Parshat Yitro4 min read

All Israel Answered Before Heaven Descended on Sinai

Before the thunder, before the tablets, the whole nation speaks as one without hesitation or deception, on the day creation had been waiting to reach.

Curated by Arthur · Told by Maggid ·
Table of Contents
  1. Moses Brought the Words Down the Mountain
  2. No One Needed to Consult
  3. Moses Brought Their Answer Back to God
  4. The Sixth of Sivan Had Been Waiting Since Creation

Moses Brought the Words Down the Mountain

Moses went up to God, received the covenant proposal, came back down, and brought it to the people. This was God's offer: you will be a kingdom of priests and a holy nation. The choice was real. The people could hear it and negotiate, delay, qualify, or refuse. Moses gave them the full content of the offer and waited.

All the people answered together: whatever the Lord has spoken, we will do.

The Mekhilta heard something extraordinary in that unity. It was not theatrical. The people did not look at each other and calculate what the safe answer was. They did not whisper and find a consensus spokesman. They did not use the language of agreement while privately holding reservations. A nation of mixed backgrounds, former slaves, people who had lived in Egypt for generations and had the habits of people who survived by managing what they said, all of them answered as one, and the answer was sincere.

No One Needed to Consult

The Mekhilta insists on the internal dimension of the unity. Israel's answer was not only coordinated in form. It was uniform in intent. They did not answer deceptively. The people who said we will do were the people who meant it at the level where meaning lives, beneath the strategic calculation, beneath the social performance, in the place where a person's actual disposition toward a thing is decided.

In any ordinary crowd presented with a demand this large, this open-ended, this permanent, there would be noise. People asking what exactly is required. People asking what happens if they fail. People making private exceptions for themselves while publicly affirming. Sinai had none of that. At least in this instant, before the thunder and before the tablets and before the long wilderness failures that would follow, the people were unified in a way that no ordinary social force could have produced.

The Mekhilta preserves that instant carefully. It was real. It was precious. It was the people at their best, before the weight of circumstance began to pull them in different directions.

Moses Brought Their Answer Back to God

Moses took the people's words back up the mountain. God then instructed Moses to tell the people to prepare themselves. Three days of preparation. Wash your clothes. Set boundaries around the mountain. Do not touch the mountain. On the third day God will descend in the sight of all the people.

The people's unanimous answer had made something possible. Their readiness at the moment of the proposal opened the next stage of the revelation. Heaven could descend on a people who had already said yes.

The Sixth of Sivan Had Been Waiting Since Creation

The Mekhilta worked out the calendar precisely. The third day of the preparation period was the sixth of Sivan.

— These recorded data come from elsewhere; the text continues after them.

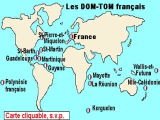 Le document décrit les différents statuts administratifs des départements et territoires d'outre-mer français, en précisant les modifications apportées en 2003. Il aborde également des caractéristiques spécifiques des régions comme la Guyane, la Guadeloupe et la Réunion, ainsi que l'histoire des collectivités d'outre-mer. Enfin, il mentionne les terres australes et antarctiques françaises ainsi que des programmes scientifiques en cours dans ces régions.
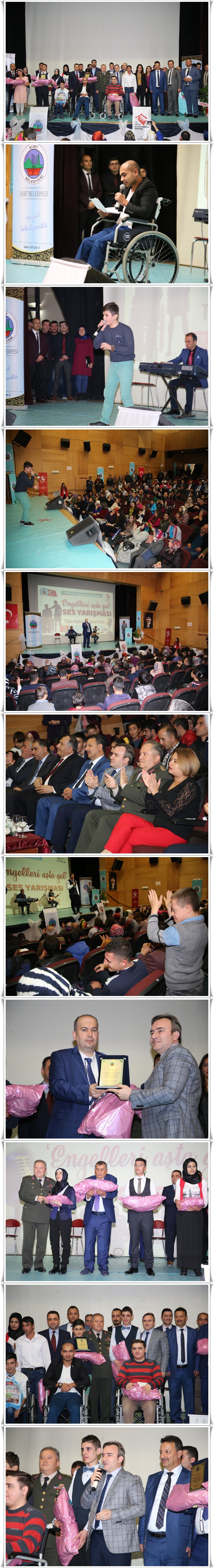 “Engelleri Aşta Gel” ses yarışmasına katılım sağlayan tüm yarışmacılara ödülleri Siirt Belediye Başkan Vekili Ceyhun Dilşad Taşkın, Siirt Üniversitesi Rektörü Prof. Dr. Murat Erman, İl Jandarma Alay Komutan Yardımcısı Albay Erol Ürküt ve Aile ve Sosyal Politikalar İl Müdürü Gökhan Marakçı tarafından verildi.
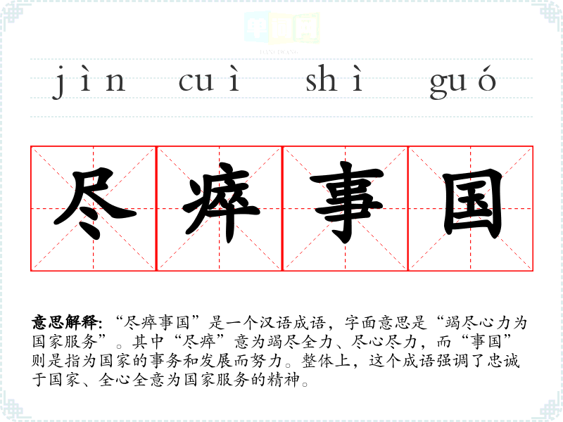 - 文学引用:古代文人常以“尽瘁事国”自励,表达对国家的忠诚。
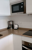 🍳 Open-Plan Living: A modern kitchen integrated into the lounge, equipped with a ceramic hob (3 burners), microwave, Nespresso machine, toaster, and blender.
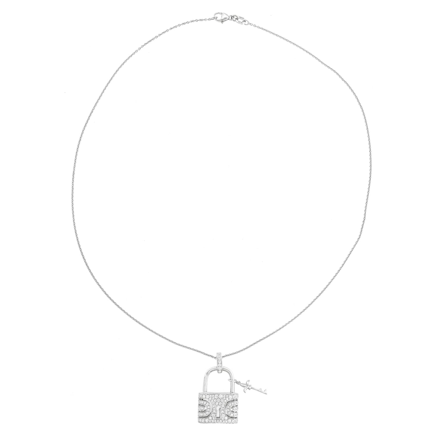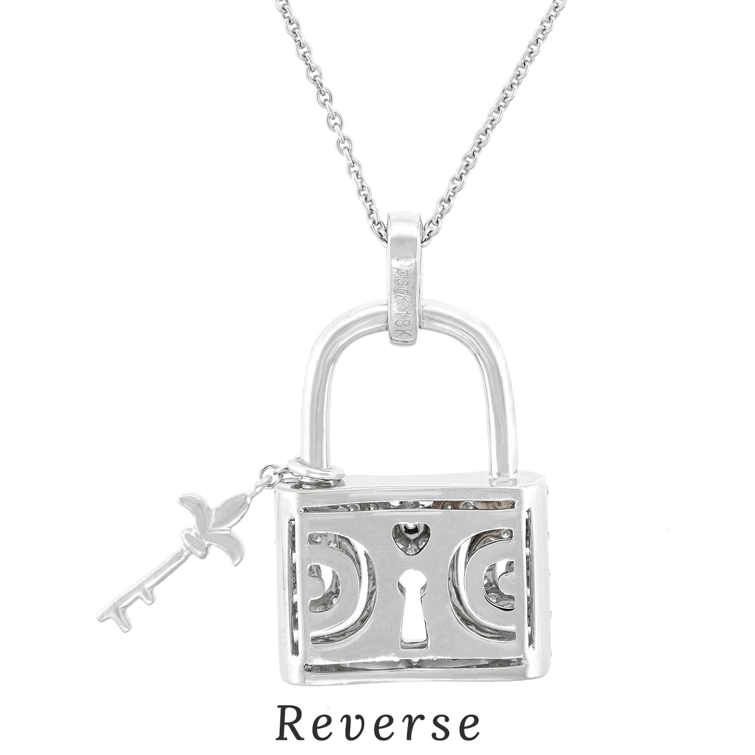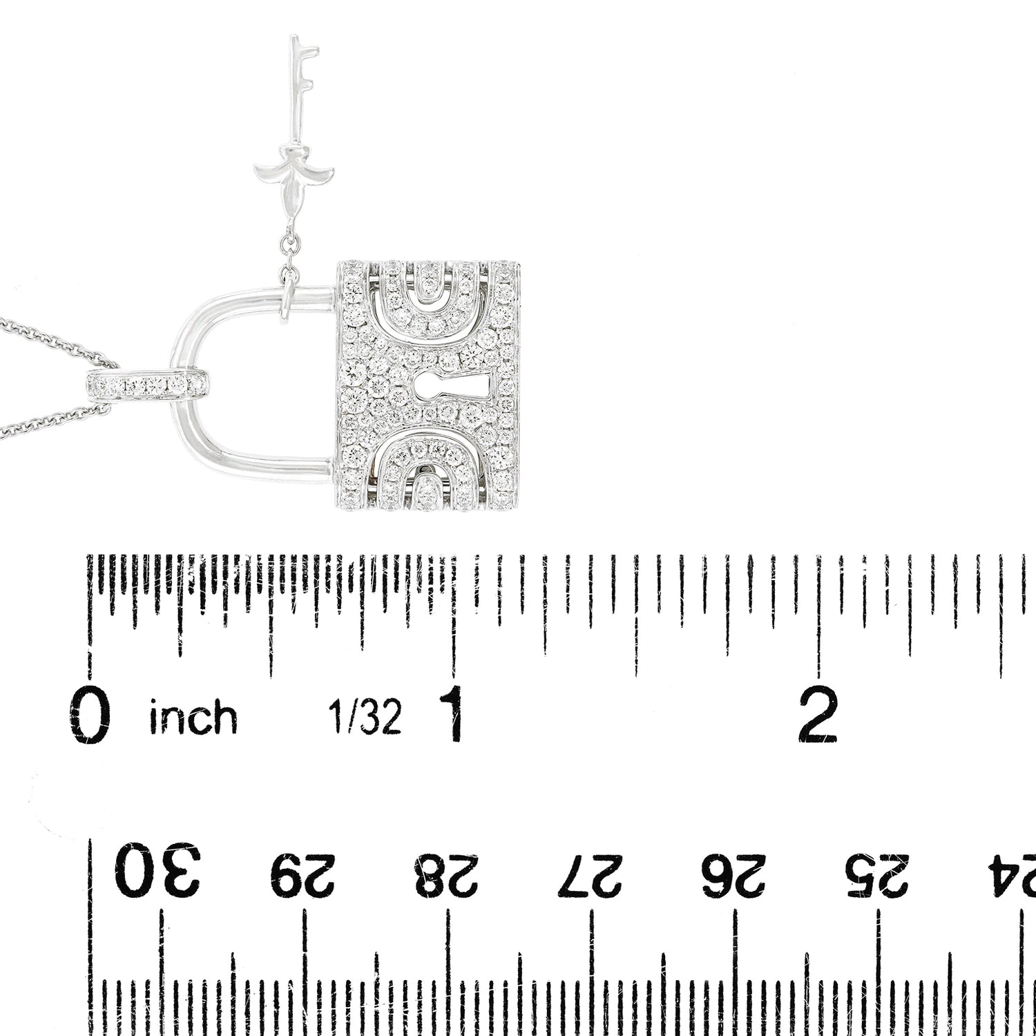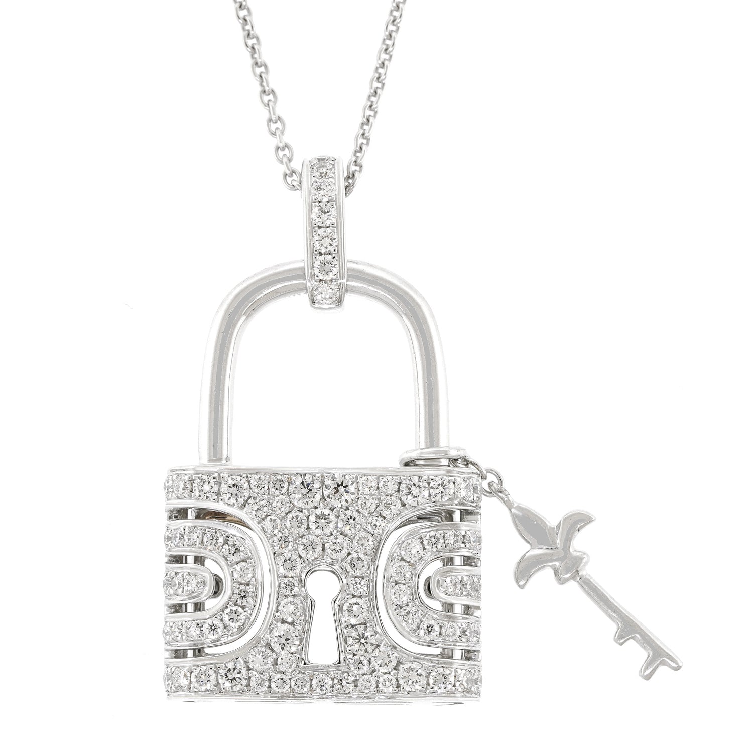 Circa 2000s, 18k, Spark Creations, New York. Rife with fine details and diamonds, we can't help but fall in love with this lock & key necklace. From cute work looks to date night dresses, this necklace is the perfect romantic accessory. Meticulously fashioned in eighteen-karat white gold and set with 1.0 carat of brilliant white diamonds (G color VS clarity), it is in excellent condition. Noted: Spark chain included.
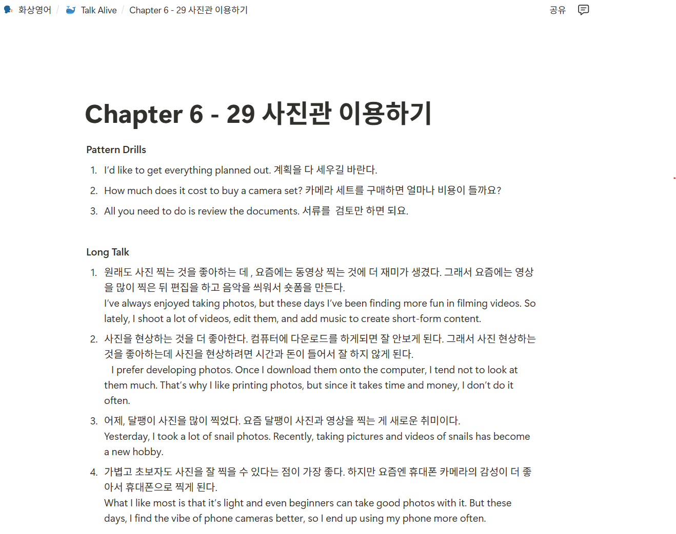 ↓ 수업교재 예습도 해두고, 어려울 땐 번역기도 사용해가면서 어느정도 제가 할 말들을 대략적으로 정리해두니 좋았어요!
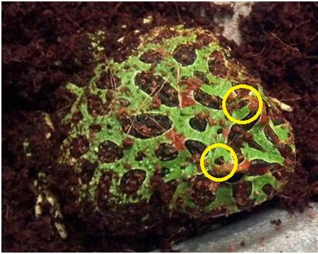 Here's a Ornate horned frog, with the false eyes encircled in yellow.
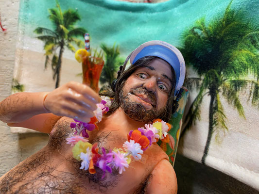 Die Figuren der Dioramen basieren auf handelsüblichen Puppen. Schritt für Schritt wurden ihre Gesichter, Körper, Haare und Kleidung verändert – mit Farbe, formbarem Kunststoff und handwerklichen Techniken. So entstehen eigenwillige Miniaturen, die den Vorlagen aus Singlebörsen-Selfies möglichst nahekommen. Jede Figur wird so zu einer verfremdeten Stellvertreterin für das Thema der digitalen Selbstinszenierung.

This was the day of revelation, the day heaven descended on the mountain, the day the Ten Commandments were spoken to the assembled people. The Mekhilta noted it not only as history but as cosmological event. Creation had been waiting for this day.

The world was created so that Torah could be given. The six days of creation pointed forward to the sixth of Sivan the way a story points toward its turning point. The ten acts of divine speech in Genesis, through which the world was made, pointed toward the Ten Words spoken at Sinai to the people who would carry them into the world. The unanimous answer Israel gave before the descent was the people's own act of preparation, their contribution to the moment the world had been made to reach.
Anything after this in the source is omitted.